Non Organic Avocado Sales Revenue

hass_usa %>%
  mutate(
    nonorg_rev = (plu4046+plu4225+plu4770+small_nonorg_bag+large_nonorg_bag+xlarge_nonorg_bag) * avg_price_nonorg
  ) %>%
  ggplot(aes(x = week_ending)) +
  geom_line(aes(y = nonorg_rev/1000000), color = 'steelblue') +
  labs(x = 'Year', y = 'Revenue (Millions US$)', color = 'Type', title = 'Non Organic Avocado Sales Revenue', caption = 'Not adjusted for inflation\nSource: Hass Avocado Board') +
  theme(plot.background = element_rect(fill = "grey20"),
        plot.title = element_text(color = "#FFFFFF"),
        axis.title = element_text(color = "#FFFFFF"),
        axis.text.x = element_text(color = 'grey50'),
        axis.text.y = element_text(color = 'grey50'),
        plot.caption = element_text(color = 'grey75'),
        panel.background = element_blank(),
        panel.grid.major = element_line(color = "grey50", size = 0.2),
        panel.grid.minor = element_line(color = "grey50", size = 0.2),
        legend.background = element_rect(fill = 'grey20'),
        legend.key = element_rect(fill = 'grey20'),
        legend.title = element_text(color = 'grey75'),
        legend.text = element_text(color = 'grey75'),
        # legend.position = c(0.815, 0.2)
        legend.position = 'none'
  )

We may have switched gears from looking at average selling price to revenue. However, notice the massive drop in revenue in late 2017 - which seems to correspond to the increase in average selling price for the same time period.

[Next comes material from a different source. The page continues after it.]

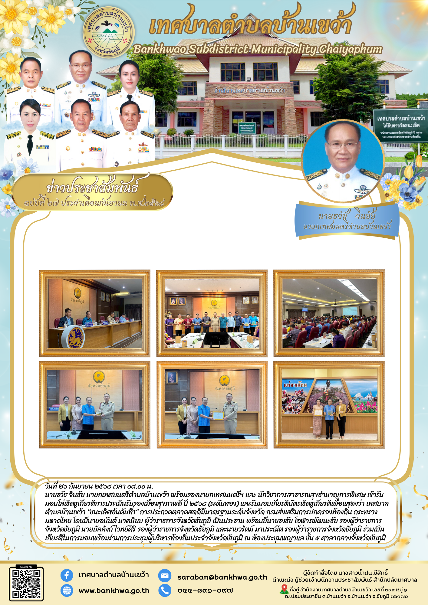 เข้ารับมอบโล่เชิดชูเกียรติการประเมินรับรองเมืองสุขภาพดี ปี ๒๕๖๘ (ระดับทอง) และรับมอบเกียรติบัตรเชิดชูเก�

Let’s dive further into that ‘dip’.

hass_usa %>%
  mutate(
    nonorg_rev = (plu4046+plu4225+plu4770+small_nonorg_bag+large_nonorg_bag+xlarge_nonorg_bag) * avg_price_nonorg
  ) %>%
  select(week_ending, nonorg_rev) %>%
  filter(week_ending > lubridate::ymd('2017-09-10') & week_ending < lubridate::ymd('2017-10-15')) %>%
  ggplot(aes(x = week_ending, y = nonorg_rev)) +
  geom_line(color = 'steelblue') +
  labs(x = 'Year', y = 'Revenue', color = 'Type', title = 'Non Organic Avocado Sales Revenue', caption = 'Not adjusted for inflation\nSource: Hass Avocado Board') +
  theme(plot.background = element_rect(fill = "grey20"),
    plot.title = element_text(color = "#FFFFFF"),
    axis.title = element_text(color = "#FFFFFF"),
    axis.text.x = element_text(color = 'grey50'),
    axis.text.y = element_text(color = 'grey50'),
    plot.caption = element_text(color = 'grey75'),
    panel.background = element_blank(),
    panel.grid.major = element_line(color = "grey50", size = 0.2),
    panel.grid.minor = element_line(color = "grey50", size = 0.2),
    legend.background = element_rect(fill = 'grey20'),
    legend.key = element_rect(fill = 'grey20'),
    legend.title = element_text(color = 'grey75'),
    legend.text = element_text(color = 'grey75'),
    legend.position = 'none'
  )

So we can see that the revenue wasn’t exactly 0. However, it definitely was much lower (way less than a US$1 million). A quick search on the Internet shows that around that time frame, there was a major avocado supply shortage in the US.